__Directions for this task__: Begin at the line below that has "Quoowiit Ceramic Rustic". Stop after the line that has "Карткова гра UNO", repeating each line exactly and leaving out the pictures.

__Raw data__:
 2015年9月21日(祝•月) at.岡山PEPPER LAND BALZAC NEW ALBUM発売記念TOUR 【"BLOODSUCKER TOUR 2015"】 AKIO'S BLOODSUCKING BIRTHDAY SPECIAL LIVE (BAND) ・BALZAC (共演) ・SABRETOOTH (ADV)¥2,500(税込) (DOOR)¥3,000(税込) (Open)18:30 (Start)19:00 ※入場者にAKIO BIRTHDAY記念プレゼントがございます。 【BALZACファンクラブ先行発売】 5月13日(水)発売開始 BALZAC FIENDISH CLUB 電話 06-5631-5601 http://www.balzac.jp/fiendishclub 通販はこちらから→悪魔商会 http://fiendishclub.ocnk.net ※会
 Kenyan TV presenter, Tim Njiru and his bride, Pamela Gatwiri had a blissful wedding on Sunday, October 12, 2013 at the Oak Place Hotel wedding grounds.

...

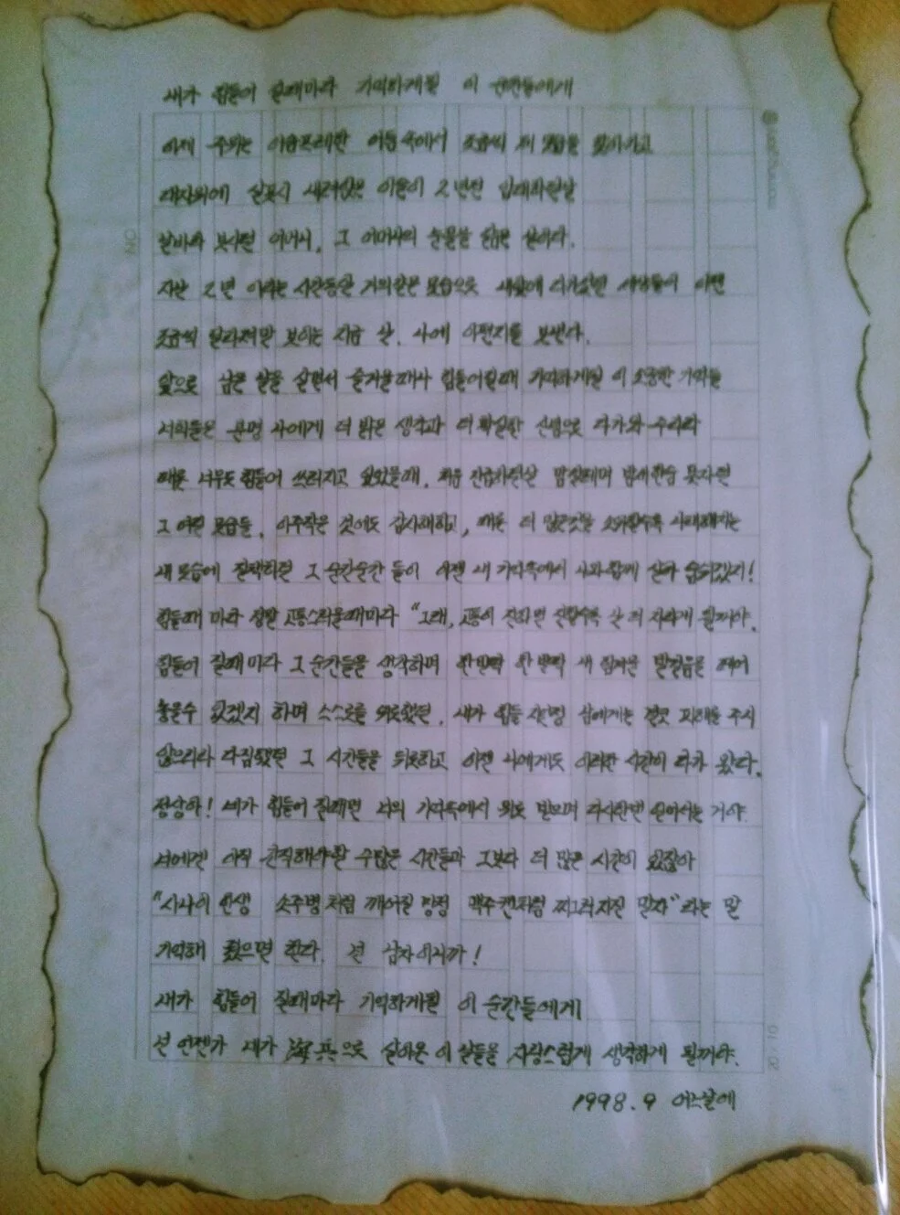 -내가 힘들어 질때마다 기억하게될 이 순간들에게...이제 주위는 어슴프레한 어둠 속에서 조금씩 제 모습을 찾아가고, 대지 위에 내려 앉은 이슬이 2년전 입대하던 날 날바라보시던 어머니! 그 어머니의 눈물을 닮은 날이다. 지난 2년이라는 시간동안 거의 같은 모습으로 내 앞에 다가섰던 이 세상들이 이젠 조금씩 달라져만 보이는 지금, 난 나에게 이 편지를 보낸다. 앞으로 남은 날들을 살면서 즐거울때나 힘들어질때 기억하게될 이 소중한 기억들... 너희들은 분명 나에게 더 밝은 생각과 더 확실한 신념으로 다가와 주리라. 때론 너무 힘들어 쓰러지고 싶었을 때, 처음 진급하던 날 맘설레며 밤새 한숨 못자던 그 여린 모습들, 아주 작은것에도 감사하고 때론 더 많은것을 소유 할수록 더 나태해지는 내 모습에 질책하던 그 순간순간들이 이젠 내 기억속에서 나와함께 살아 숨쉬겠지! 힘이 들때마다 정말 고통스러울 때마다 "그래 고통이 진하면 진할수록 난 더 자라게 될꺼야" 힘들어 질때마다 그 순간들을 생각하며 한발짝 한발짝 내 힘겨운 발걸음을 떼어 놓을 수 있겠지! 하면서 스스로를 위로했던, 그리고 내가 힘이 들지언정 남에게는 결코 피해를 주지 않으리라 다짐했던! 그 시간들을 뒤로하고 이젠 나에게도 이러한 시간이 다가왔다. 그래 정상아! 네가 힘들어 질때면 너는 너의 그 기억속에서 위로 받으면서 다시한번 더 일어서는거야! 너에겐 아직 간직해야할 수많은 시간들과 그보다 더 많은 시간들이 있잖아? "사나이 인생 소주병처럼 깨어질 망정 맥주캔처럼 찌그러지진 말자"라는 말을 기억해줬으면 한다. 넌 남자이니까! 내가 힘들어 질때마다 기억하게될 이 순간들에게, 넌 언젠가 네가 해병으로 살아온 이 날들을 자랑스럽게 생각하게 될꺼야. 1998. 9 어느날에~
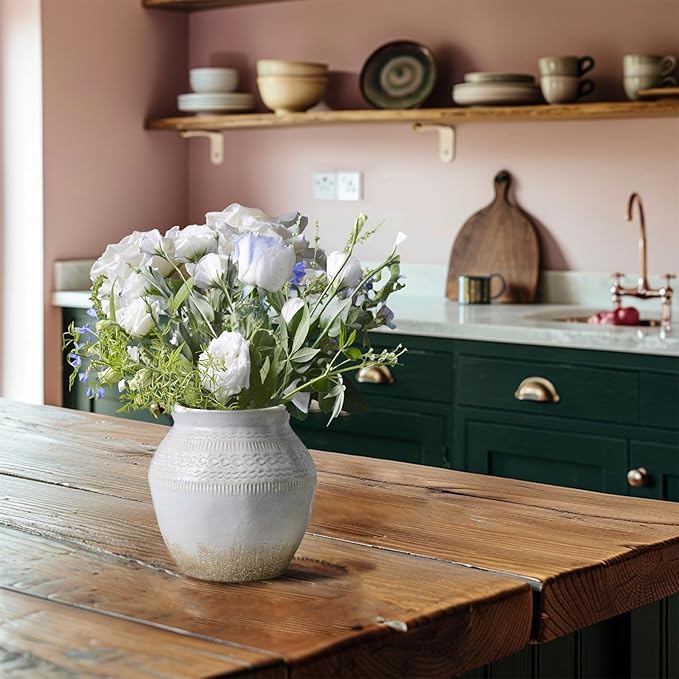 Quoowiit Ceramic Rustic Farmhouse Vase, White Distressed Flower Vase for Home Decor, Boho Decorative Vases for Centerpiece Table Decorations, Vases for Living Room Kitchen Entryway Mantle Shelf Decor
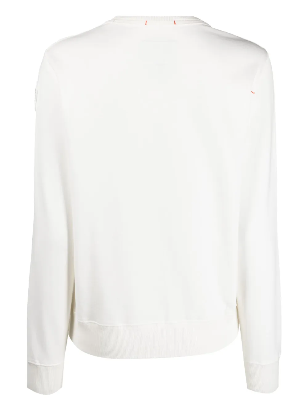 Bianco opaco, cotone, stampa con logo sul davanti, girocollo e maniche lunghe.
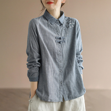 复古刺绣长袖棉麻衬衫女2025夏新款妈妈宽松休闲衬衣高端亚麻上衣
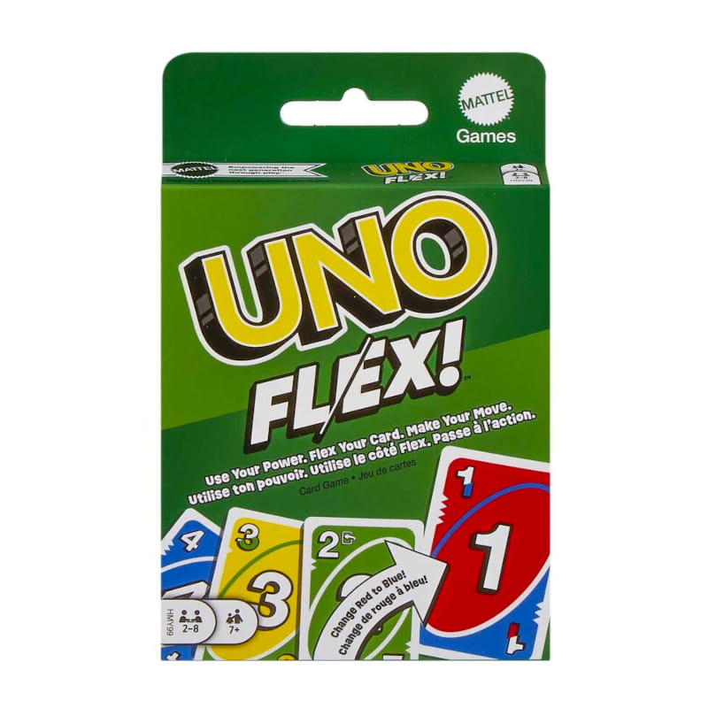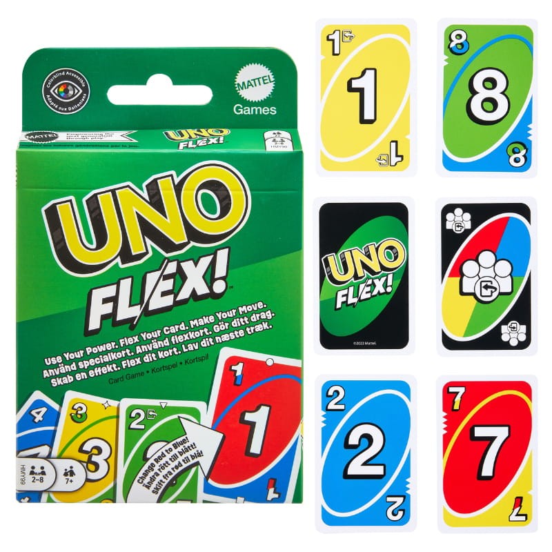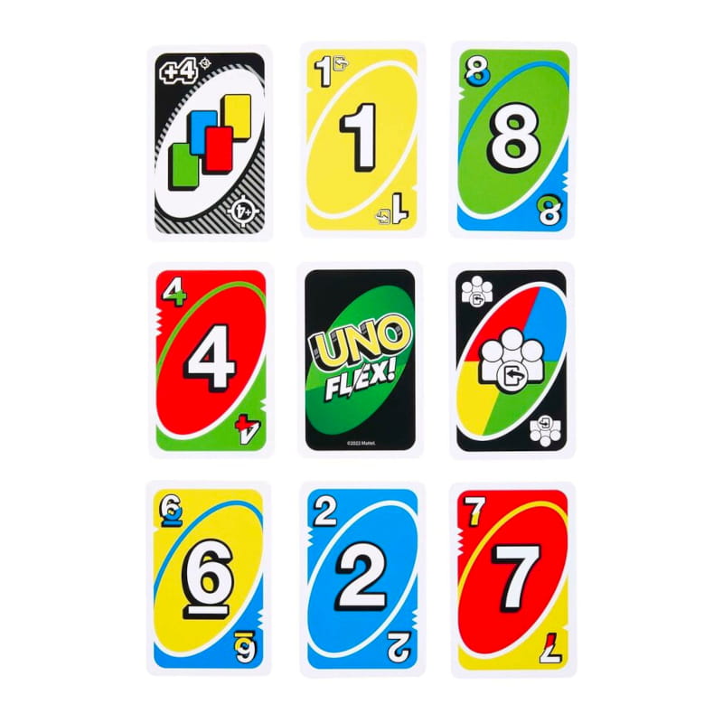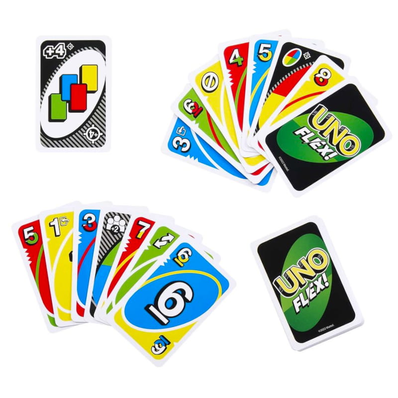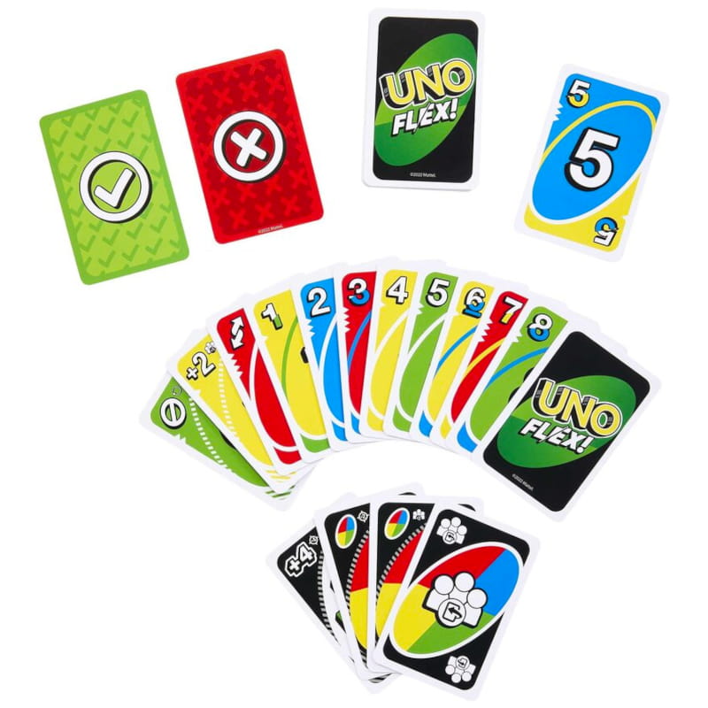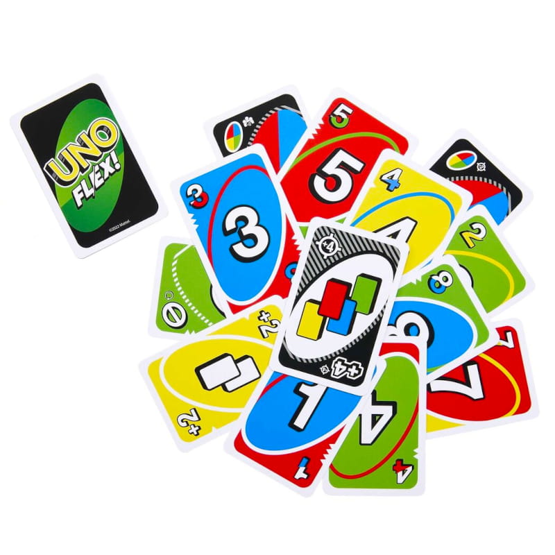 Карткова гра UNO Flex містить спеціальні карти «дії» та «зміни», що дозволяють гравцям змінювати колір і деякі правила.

==

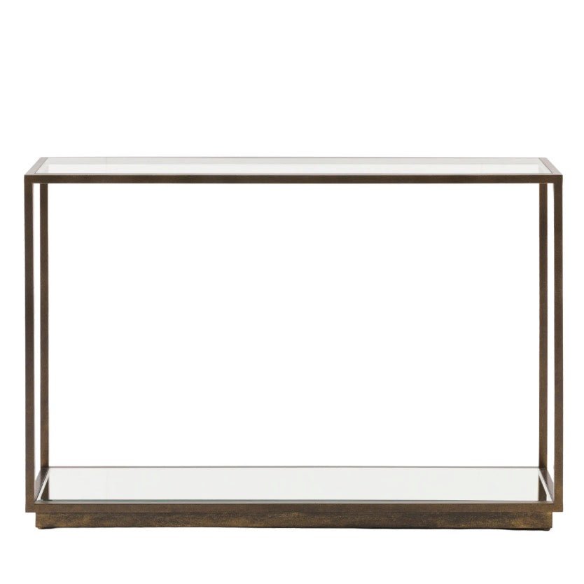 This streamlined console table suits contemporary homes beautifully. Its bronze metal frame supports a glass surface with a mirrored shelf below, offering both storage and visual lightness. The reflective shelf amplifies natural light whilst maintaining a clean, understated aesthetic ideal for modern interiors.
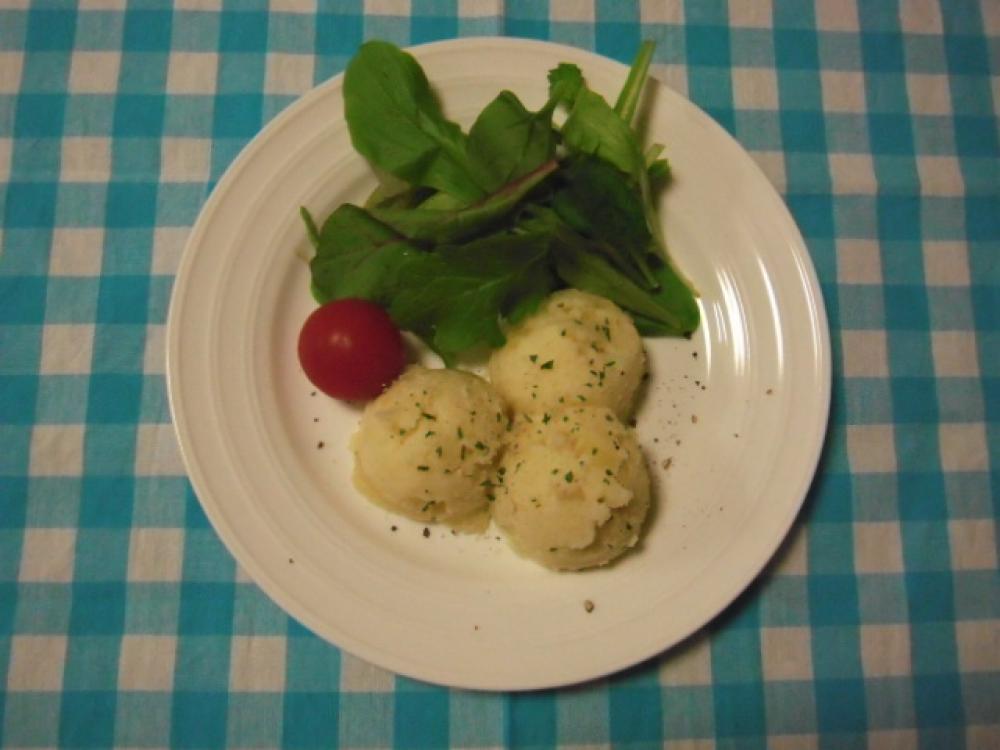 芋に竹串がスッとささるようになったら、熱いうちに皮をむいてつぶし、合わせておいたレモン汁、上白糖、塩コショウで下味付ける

__Answer to the problem__:
 Quoowiit Ceramic Rustic Farmhouse Vase, White Distressed Flower Vase for Home Decor, Boho Decorative Vases for Centerpiece Table Decorations, Vases for Living Room Kitchen Entryway Mantle Shelf Decor
 Bianco opaco, cotone, stampa con logo sul davanti, girocollo e maniche lunghe.
 复古刺绣长袖棉麻衬衫女2025夏新款妈妈宽松休闲衬衣高端亚麻上衣
 Карткова гра UNO Flex містить спеціальні карти «дії» та «зміни», що дозволяють гравцям змінювати колір і деякі правила.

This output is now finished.